• **Assignment**
Look through the listing below for the line containing "This coloring page". Copy it and each line after it up to and including the line containing "85. Количество выставленных", exactly, leaving out pictures.

• **Input**
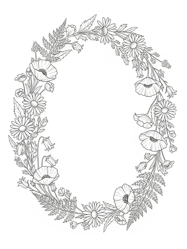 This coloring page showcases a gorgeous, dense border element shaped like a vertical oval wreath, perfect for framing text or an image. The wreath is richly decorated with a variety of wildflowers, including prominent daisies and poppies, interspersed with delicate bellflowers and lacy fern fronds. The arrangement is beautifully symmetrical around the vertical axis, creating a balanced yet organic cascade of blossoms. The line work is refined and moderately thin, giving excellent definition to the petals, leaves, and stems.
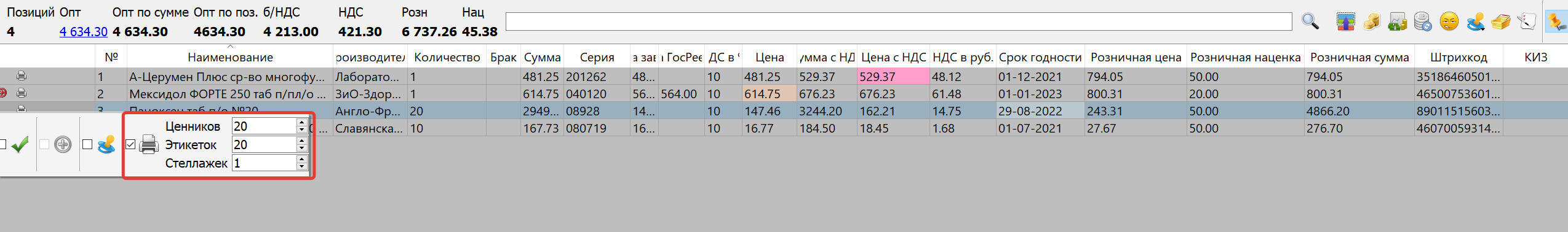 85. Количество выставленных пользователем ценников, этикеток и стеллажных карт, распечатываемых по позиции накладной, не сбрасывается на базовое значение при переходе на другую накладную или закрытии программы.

==

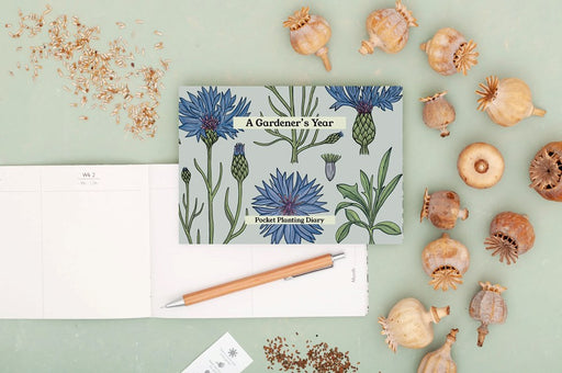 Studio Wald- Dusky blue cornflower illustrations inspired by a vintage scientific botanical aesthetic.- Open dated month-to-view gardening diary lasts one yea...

• **Answer space**
 This coloring page showcases a gorgeous, dense border element shaped like a vertical oval wreath, perfect for framing text or an image. The wreath is richly decorated with a variety of wildflowers, including prominent daisies and poppies, interspersed with delicate bellflowers and lacy fern fronds. The arrangement is beautifully symmetrical around the vertical axis, creating a balanced yet organic cascade of blossoms. The line work is refined and moderately thin, giving excellent definition to the petals, leaves, and stems.
 85. Количество выставленных пользователем ценников, этикеток и стеллажных карт, распечатываемых по позиции накладной, не сбрасывается на базовое значение при переходе на другую накладную или закрытии программы.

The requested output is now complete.